Al momento le incognite sono più delle certezze e ciò che preoccupa di più, a quasi 4 mesi dall’inizio del progetto Immuni su scala nazionale è la non trasparenza nella condivisione dei dati e una bassa sensibilità riguardo alla necessità di analizzare i dati per cercare e trovare prove di efficacia. Immuni sembra un elemento indubitabile di una strategia nazionale che si basa su verità scientifiche e sull’efficacia delle tecnologie digitali. In realtà è un esperimento tecno-sociale ispirato e influenzato da modelli matematici di cui è necessario provare la affidabilità e fedeltà rispetto al mondo reale. Lo scenario potrà radicalmente cambiare con l’arrivo dei testi antigenici rapidi salivari; ma, per il momento, non possiamo dare per scontato che una soluzione tecnologica sia efficace, e quindi utile, di per sé, in mancanza di analisi statistiche fondate su dati certi, verificati, e quindi di prove di reale efficacia. Possiamo cercarle. Dobbiamo cercarle in questa fase della pandemia, senza perdere altro tempo.

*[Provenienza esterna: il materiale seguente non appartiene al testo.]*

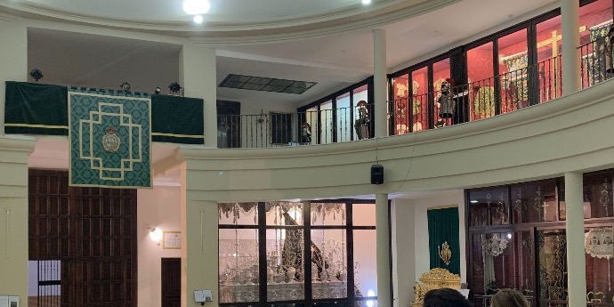Junto a las pertenencias del Stmo. Cristo, sobresale igualmente, en esta primera planta del Museo, el ajuar de María Stma. de las Angustias Coronada; de incalculable riqueza y proporcional a la veneración de sus hijos que, a lo largo de los siglos, le han ofrecido estas dádivas como signo de devoción. De entre los muchos atuendos de la Stma. Virgen que se muestran en esta exposición, podríamos destacar las dos sayas que la Madre de Dios ha lucido habitualmente en las procesiones de Jueves Santo: la más antigua, actualmente sobre terciopelo burdeos y anteriormente bordada sobre terciopelo negro, la lució María Stma. de las Angustias hasta 1909, fecha en la que se confeccionó la actual, bordada en terciopelo verde por el taller de Juan Manuel Rodríguez Ojeda. Junto a la destacada colección de sayas y mantos de camarín, se exponen, igualmente, varias aureolas y preseas de la Sagrada Imagen; especialmente destacada es la corona de imperiales del segundo tercio del s. XVIII; así como varios cíngulos y tocas de sobremanto, además de la primitiva enagua de la Stma. Virgen, custodiada a través de los siglos por sus camareras y ahora expuesta en el Museo.

Aggiornamento 26 Settembre 2020


Poche ore dopo la pubblicazione di questo articolo, sono stati diffusi alcuni dati aggiornati su Immuni da parte del ministro dell’Innovazione.

Aggiorniamo le nostre considerazioni. 
Tra il 14 e il 24 Settembre (inizio delle scuole in molte Regioni), quindi in 10 giorni, immuni ha registrato 1109 procedure di sblocco, a fronte di 15060 persone trovate ufficialmente come positivi al COVID-19. Quindi circa il 7%. Questo ci suggerisce che non c’è più la strana discrepanza di Agosto (quando il rapporto era dieci volte più basso). Infatti 7-9% è il tasso di “prevalenza” dell’uso di immuni nella popolazione in età da app, sempre considerando la legge dei “2 terzi rispetto ai download” che possiamo desumere dal caso svizzero. I falsi negativi sembrano quindi fortemente ridimensionati. Rimane urgente ed interessante l’analisi dei falsi positivi: si parla di 10 focolai (epidemici) in quegli stessi 10 giorni, cioè (assumiamo) 10 persone che, in seguito a notifica di contatto, si sono segnalate alle autorità sanitarie competenti, sono state trovate positive, e sono state messe in isolamento domiciliare (così che la catena di contagio sia interrotta o fortemente ridotta). Ovviamente 10 persone su 15000 contatti a rischio (1109 x circa 15 contatti a positivo, si veda sopra) sarebbe un numero molto piccolo, ma non sappiamo quante persone di quelle notificate come contatti a rischio si siano effettivamente attivati per farsi fare il tampone, e quindi quanti di essi siano stati trovati positivi (perdendo quante ore di vita lavorativa/sociale prima di tale esito). Continuiamo a non conoscere quello che più conta per capire se immuni ha un “beneficio netto” positivo in questa fase della pandemia. Rimaniamo convinti che questo potrebbe comunque essere almeno “sondato”, se avessimo più dati da incrociare tra loro, e la volontà politica di “farli parlare” per informare i prossimi passi da fare, tutti quanti, come collettività responsabile e consapevole.